Plus no warming cups on top!


----------



## dirtyharry (Jul 14, 2014)

froggystyle said:


> Gonna be pulling your machine out to top up water, or pulling the tank out...
> 
> Plus no warming cups on top!


I'm used to that having had a Gaggia Cubika! And I've never been able to warm the cups on top either - had to use hot water instead









So I assume from the other comments that it's Gaggia or Rancilio and nothing else?


----------



## froggystyle (Oct 30, 2013)

I have the classic, if i had £300 i would consider saving a bit more and upgrading to a dual boiler or HX machine, the classic is ok for one or two cups, but anything else is hard work and even with the steam arm upgrade its rubbish for milk.


----------



## The Systemic Kid (Nov 23, 2012)

froggystyle said:


> I have the classic, if i had £300 i would consider saving a bit more and upgrading to a dual boiler or HX machine, the classic is ok for one or two cups, but anything else is hard work and even with the steam arm upgrade its rubbish for milk.

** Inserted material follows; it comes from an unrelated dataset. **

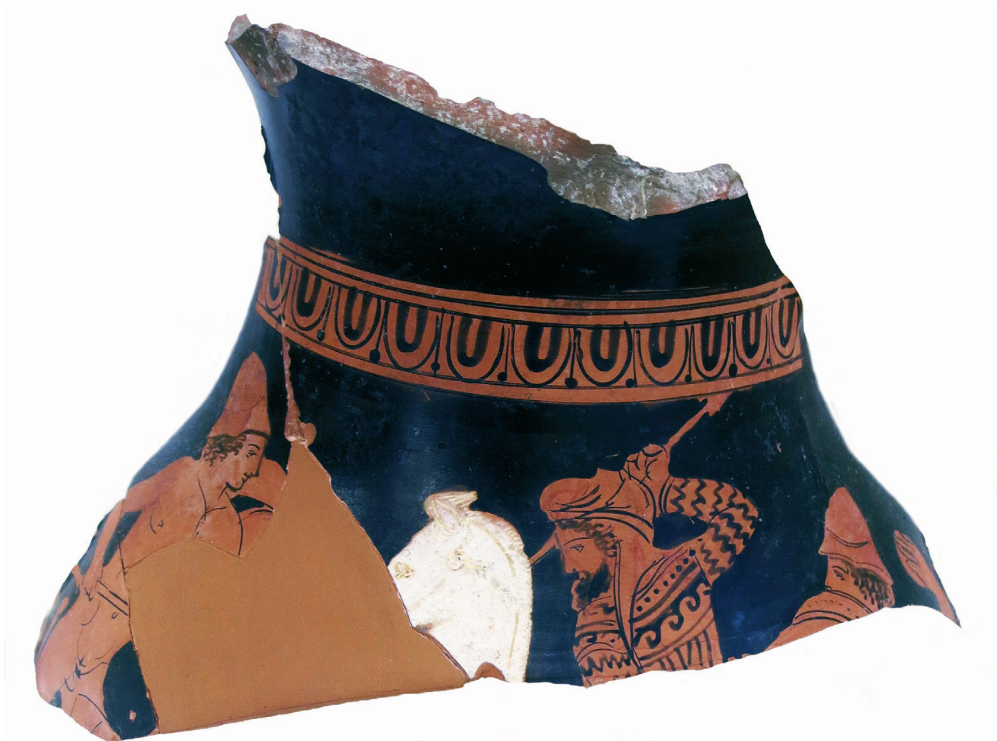
8. Pella, Archaeological Museum Inv. no. 07/662. Red-figured pelike fragments, related to Pourtalès Ptr., ca. 380/370. The rights to the illustrated vase belong to the Hellenic Ministry of Culture and Sports (N3028/2002). The pelike 07/662 is under the jurisdiction of the Ephoreia of Classical Antiquities of Pella. Hellenic Ministry of Culture and Sports / Archaeological Resources Fund. Photograph by Margaret Miller, with permission.

fragmentary state of the pelike in Pella makes reading difficult, but while both Greeks wear a pilos helmet and carry a shield, the figure at right holds a stone. 50

Good advice but used HX machines around £300 are as rare as hens' teeth.


----------



## dirtyharry (Jul 14, 2014)

froggystyle said:


> I have the classic, if i had £300 i would consider saving a bit more and upgrading to a dual boiler or HX machine, the classic is ok for one or two cups, but anything else is hard work and even with the steam arm upgrade its rubbish for milk.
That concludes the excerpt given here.